Interest rates fell significantly in the first quarter; 30-year Treasury yields dropped from 3.01% to 2.81% while the 10-year Treasury shaved roughly 19 bp’s to end the quarter at 2.49%. A flatter yield curve contributed to longer bonds outperforming including a notable, albeit brief, inversion of the 3-month vs. 10-year Treasury. Other sections of the Treasury curve, including the 2-year vs. the 5-year, continue to be inverted. High yield bonds rallied significantly tracking equity indices higher.

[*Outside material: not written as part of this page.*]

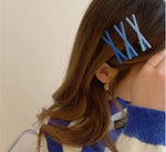 Kapëse flokësh me flutur blu dhe varëse perlash dekorative.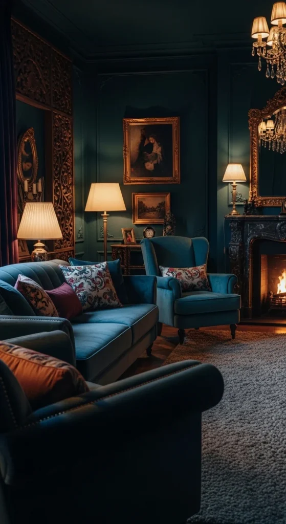 This space feels rich, cozy, and slightly dramatic in a comforting way. Deep wall colors like charcoal or navy set the tone. Velvet seating adds softness and texture. Warm, low lighting from table lamps creates a relaxed atmosphere. Metallic accents are used sparingly for contrast. Minimal decor allows the dark tones to stand out beautifully.

The table below summarizes the returns of some major BofA/Merrill Lynch fixed income indices.
AAA Yield Shifts
The chart below shows the shift in the yield curve for AAA-Rated Munis since the first of the year. The red line shows the yield curve as of 12/31/18 for maturities from 1 to 30 years. The blue line shows the yield curve as of the end of the first quarter. The yields associated with the curve are shown on the left axis. For example, the yield of a bond with a 1-year maturity went from 1.75% to 1.48% during this time period. The vertical lines on the chart represent the change in yields for each given maturity. This change is shown on the right side of the chart. For example, the yield of a bond due in 9 years fell 43 bp’s during the quarter. This chart shows we had a significant rally in the Muni market.
Should We Be Concerned About Inflation Picking Up?
The Financial Crisis occurred more than 10 years ago and peaked after Lehman Brothers collapsed on 9/15/2008. Since early 2009 the economy has been in a steady uptrend. During the early years of the crisis the Fed implemented several policies to help stimulate the weak economy. These measures included taking the Fed Funds rate to zero. When that didn’t appear to be enough stimulus to strengthen the economy, the Fed implemented three rounds of Quantitative Easing by purchasing extraordinary amounts of U.S. Treasury securities. This resulted in their balance sheet going from about $800 billion to about $4.5 trillion. During this period the Fed faced extraordinary deflationary forces and was not able to reach their inflation target of 2.0% until recently. The bond market has become complacent after more than 10 years of extremely low inflation. Negative demographic trends and high levels of debt have been a drag on economic growth and led to inflation being below the Fed’s 2.0% target. Market breakeven rates are currently around 2.0% which suggests the bond market expects inflation to average about 2.0% annually for the next 10 years. There are some signs this may turn out to have been an overly optimistic view about inflation. The tax cuts combined with increased government expenditures are leading to worrisome Federal deficits, which are projected to be over $1.0 trillion annually for the next 10 years or more. This is an unprecedented amount of fiscal stimulus for an economy at this late stage in the business cycle. The chart below shows the deficit projections by the Congressional Budget Office (CBO) through 2028. This is projected to take the percentage of debt to GDP from about 106% to 113% during the next several years. To put this into context debt to GDP was only about 30% in the early 1980’s.
This stimulus is coming at a time when the unemployment rate is below 4.0%. The unemployment rate has averaged about 5.8% since 1948. This means there is now very little slack in the labor markets. There are shortages of available workers across many sectors of the economy. Currently, there are simply not enough construction workers for firms to hire. This is due to workers leaving the construction industry for other jobs, not enough new skilled workers entering the industry, and workers leaving the country or not being allowed to enter the country due to tighter immigration policies. This trend is not expected to change any time soon. Other industries are experiencing the same difficulties in hiring workers for their job openings. This is leading to increased wages for workers. The minimum wage is increasing in many parts of the country to $15 per hour, and this trend seems to be gaining momentum. Teacher salaries are also beginning to rise after being capped for several years due to budgetary pressures at the state and local levels. The chart below shows Average Hourly Earnings is now rising at an annual rate of between 3.0%-3.5% after averaging only 2.3% for the last 10 years. We expect wage pressures to continue to rise which will lead to higher levels of inflation going forward. This may put some upward pressure on longer rates.
Muni vs UST Ratios
Tax law changes which cap the amount of deductions for state and local real estate, property, sales, or income taxes paid over the course of the year to $10,000 have made Munis more attractive to investors who live in high tax states. This has increased the demand for Muni bonds. At the same time the limitations imposed on tax-free refunding’s in the Muni market have reduced the relative supply of Munis. This has led to Muni bonds trading at relatively rich valuations compared to U.S Treasuries and has led to outperformance by Munis across all maturities on the yield curve.